Yes. A common architecture uses Keepalived at the edge for floating IP management (active/passive load balancers) and Corosync + Pacemaker for backend services (databases, application servers). This gives you fast VIP failover at the edge and sophisticated resource management in the backend.

What happens during a network partition (split-brain)?

In Keepalived, the node with higher priority remains MASTER, but if the partition isolates the MASTER, the BACKUP will eventually take over — potentially creating two active nodes. In Corosync + Pacemaker, quorum prevents this: if a partition leaves fewer than half the nodes in a group, that group stops all resources. STONITH then fences the unreachable nodes to ensure safety.

How fast is the failover?

Keepalived typically achieves 1-3 second failover with advert_int 1. Corosync + Pacemaker takes 2-5 seconds due to the additional resource stop/start sequence. Both are significantly faster than DNS-based failover (which takes 30-300 seconds due to TTL propagation).

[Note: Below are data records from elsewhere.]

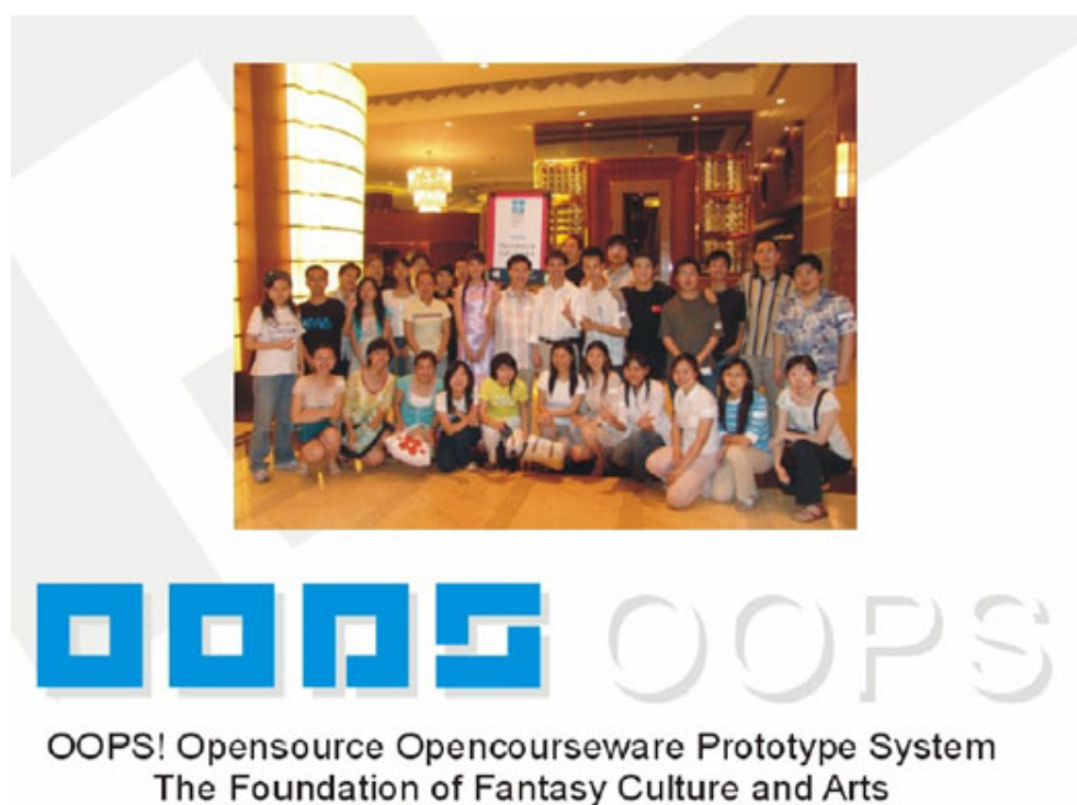
Figure 1. The Opensource OpenCourseware Prototype System (OOPS) volunteers
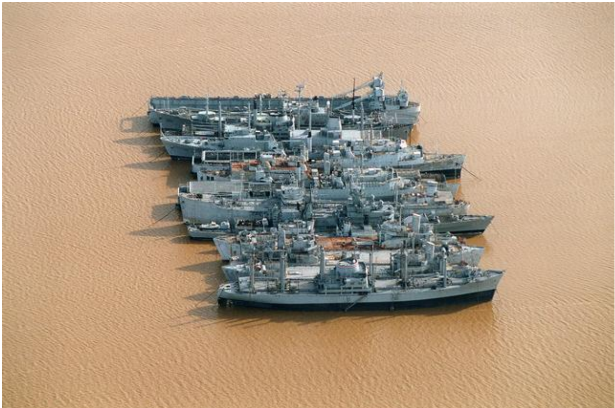
One of the last pictures of the USS Plymouth Rock taken in James River, VA on 28 January 1996. The Plymouth Rock is the first LSD in line from the top, next to her is the USS Donner (LSD20) and the Fort Snelling (LSD30)
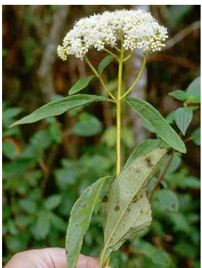
16 Baccharis ASTERACEAE
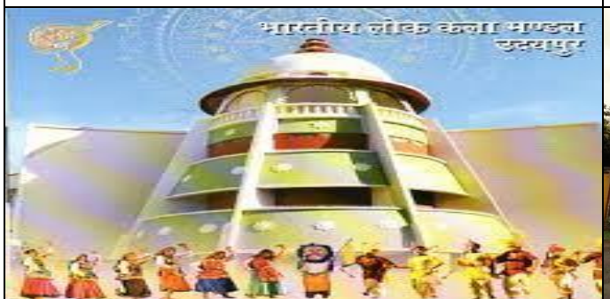
Lok Kala Mandal Udaipur

Do I need a dedicated network for cluster communication?

For Corosync + Pacemaker, a dedicated network (or VLAN) for cluster messaging is strongly recommended in production to prevent heartbeat delays caused by application traffic. Keepalived sends VRRP advertisements on the same network as the VIP, so a dedicated network is less critical but still beneficial.

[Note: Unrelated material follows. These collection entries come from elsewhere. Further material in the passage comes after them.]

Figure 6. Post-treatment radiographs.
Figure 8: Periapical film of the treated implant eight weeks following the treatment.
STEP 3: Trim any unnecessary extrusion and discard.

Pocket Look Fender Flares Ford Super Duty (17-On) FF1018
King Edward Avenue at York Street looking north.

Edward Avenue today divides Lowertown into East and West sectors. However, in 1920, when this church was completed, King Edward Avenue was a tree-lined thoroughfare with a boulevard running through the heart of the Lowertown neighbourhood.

Can Keepalived manage more than one VIP?

Yes. Define multiple vrrp_instance blocks in the configuration, each with a different virtual_router_id and set of VIPs. You can distribute load by making Node A the MASTER for VIP1 and Node B the MASTER for VIP2 — achieving active/active at the IP level.

What operating systems are supported?

Keepalived runs on Linux only (it requires Linux kernel support for VRRP and netlink sockets). Corosync + Pacemaker also run on Linux, with official support for Red Hat Enterprise Linux, SUSE Linux Enterprise, Debian, Ubuntu, and Rocky/Alma Linux.

Is STONITH really necessary?

STONITH is essential for data safety. Without it, a failed node that appears dead but is actually still running (zombie node) could write to a shared filesystem while the promoted node also writes — causing filesystem corruption. STONITH ensures the failed node is truly powered off or isolated before resources start elsewhere.

How do I monitor my HA cluster?

Keepalived logs to syslog — monitor with journalctl -u keepalived. Corosync + Pacemaker provide crm_mon for real-time cluster status, crm_verify for configuration validation, and CIB XML for programmatic access. For external monitoring, the pacemaker-prometheus exporter exposes cluster metrics in Prometheus format.